Alphabetical List of Idioms T, page 5

Idioms T, page 5:  from:   'run a taut ship'   to:   'text-walking'


  • run a taut ship
    • When a group or organisation is run in a well-ordered and disciplined manner, the person in charge runs a taut (or tight) ship.
      "The director of the scout camp runs a taut ship."

  • not for all the tea in China
    • To say that you would not do something for all the tea in China means that you would not do it under any conditions.
      "I wouldn't live there for all the tea in China."

  • teach someone a lesson
    • If you teach somebody a lesson, you do something to punish them for behaving badly and make them understand that they should not do it again.
      "The next time she arrives late, she'll find the door closed. That'll teach her a lesson! "

  • (you can't) teach an old dog new tricks
    • This expression means that someone who is used to doing things in a certain way will find it difficult to change their habits.
      "Your grandfather will never use a smart phone. You can't teach an old dog new tricks!"

  • tear one's hair out
    • If someone is tearing their hair out, they are extremely agitated or distressed about something.
      "I've been tearing my hair out all morning trying to find the error!"

  • tear a strip off
    • If you tear a strip off someone, you reprimand them severely for doing something wrong.
      "The teacher tore a strip off Charlie for not doing his homework."

  • tech savvy
    • People who are tech savvy have sufficient technical knowledge and skills to be comfortable using computers and other electronic devices.
      "Many students are more tech-savvy than their teachers."

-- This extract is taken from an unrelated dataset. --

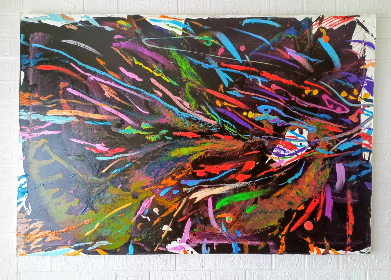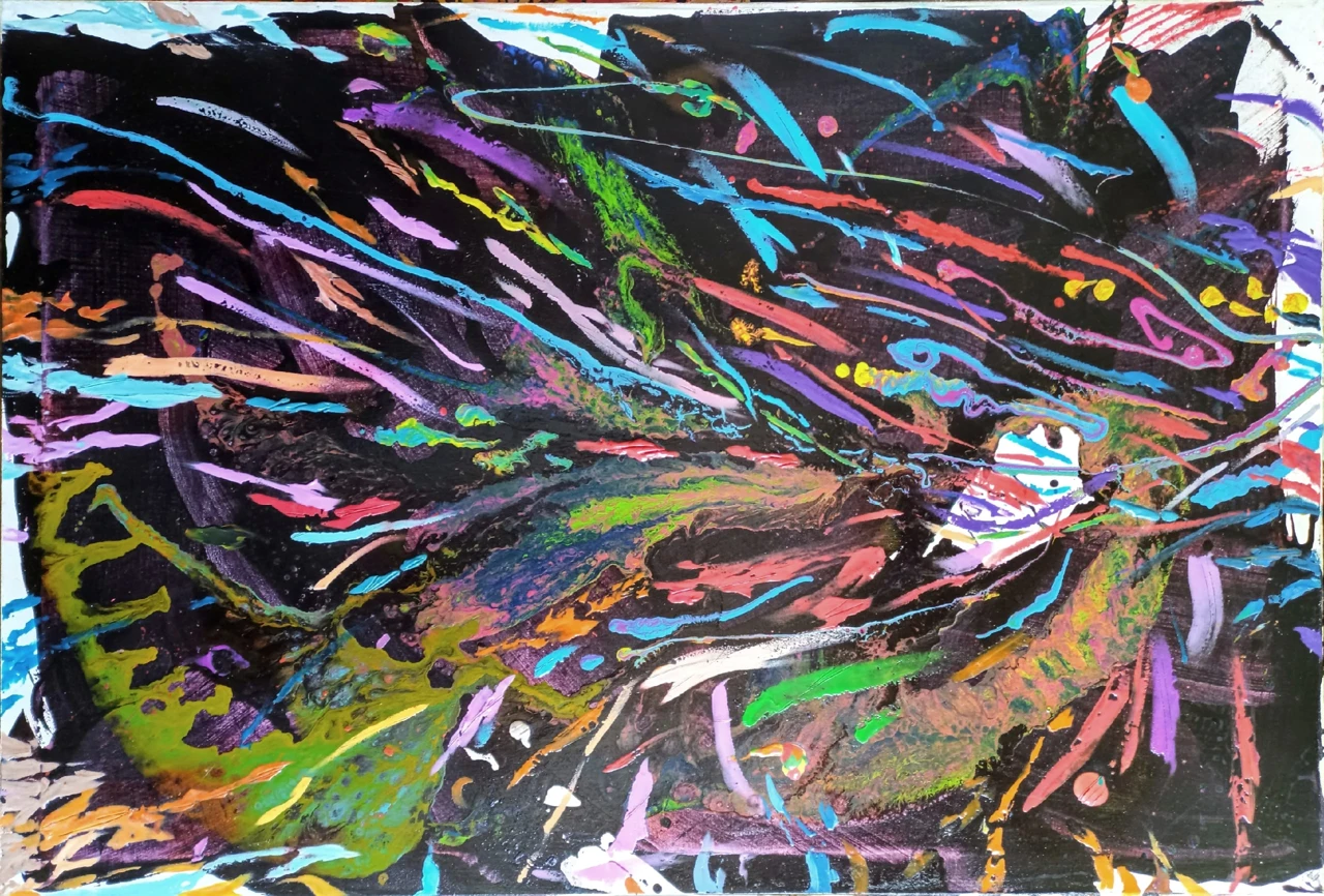 Яркие линии и мазки будто изображают порывы ветра, которые мешают движению, создают препятствия. Но несмотря на хаос вокруг, «птичка» продолжает свой путь — она не замирает, не исчезает, а летит вперёд. Это создаёт мощный символизм.

  • by the skin of one's teeth
    • If you manage to do something by the skin of your teeth, you succeed in doing it but you almost fail.
      "The traffic was so heavy I thought I'd miss the train, but I caught it by the skin of my teeth."

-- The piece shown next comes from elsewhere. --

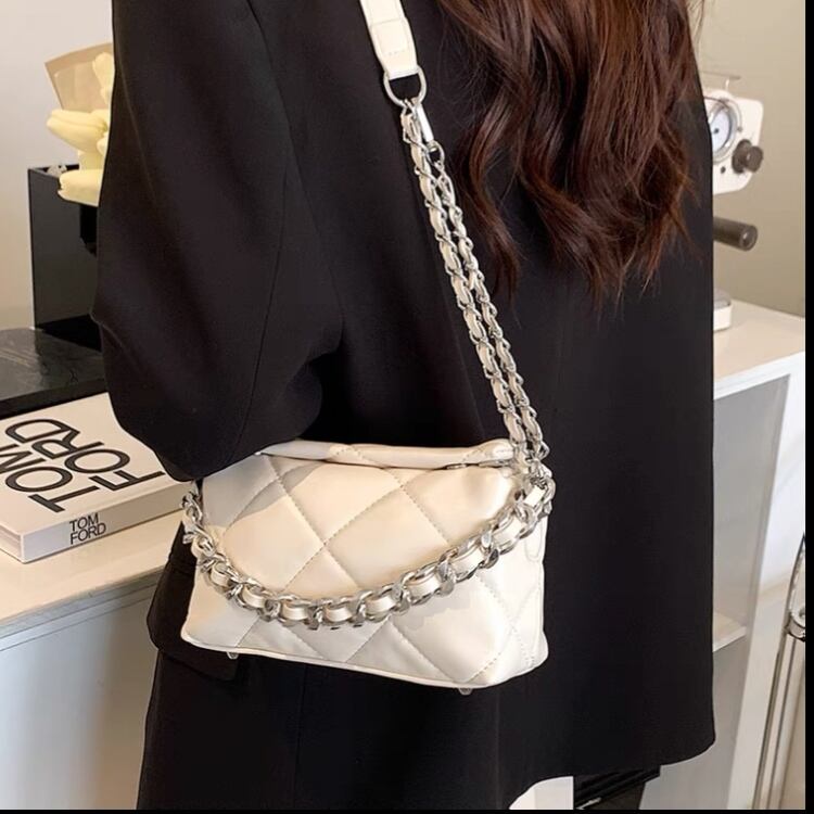 ダイヤ柄のキルティングにシルバーチェーンが映えるワンショルダーチェーンバッグ♡

  • sink one's teeth into (something)
    • If you sink your teeth into something, you do it with a lot of energy and enthusiasm.
      "When Julie got promoted, she immediately sank her teeth into her new job."

  • teeth chattering
    • If your teeth are chattering, you are extremely cold.
      "Was I cold? My teeth were chattering!"

  • teething problems
    • The difficulties encountered during the initial stage of an activity or project are called teething problems.
      "We had some teething problems when we first opened the bookshop, but now everything is okay."

  • tell someone a thing or two
    • If you tell someone a thing or two, you express you thoughts (usually criticism) very clearly.
      "'Let me tell you a thing or two about your son's behaviour' said John to the boy's father."

  • on tenterhooks
    • A person who is on tenterhooks is in a state of anxious suspense or excitement.
      "The candidate were kept on tenterhooks for hours while the panel deliberated."

  • test the waters
    • If you test the water(s), you try to find out how acceptable or successful something is before becoming involved in it.
      "You should go to a gym class to test the water before enrolling."

  • text-walking
    • This term refers to a recently-developed and somewhat dangerous habit of walking while texting a message on a mobile phone, completely unaware of what is happening around you.
      "In recent months there has been an increase in the number of serious accidents involving text-walkers."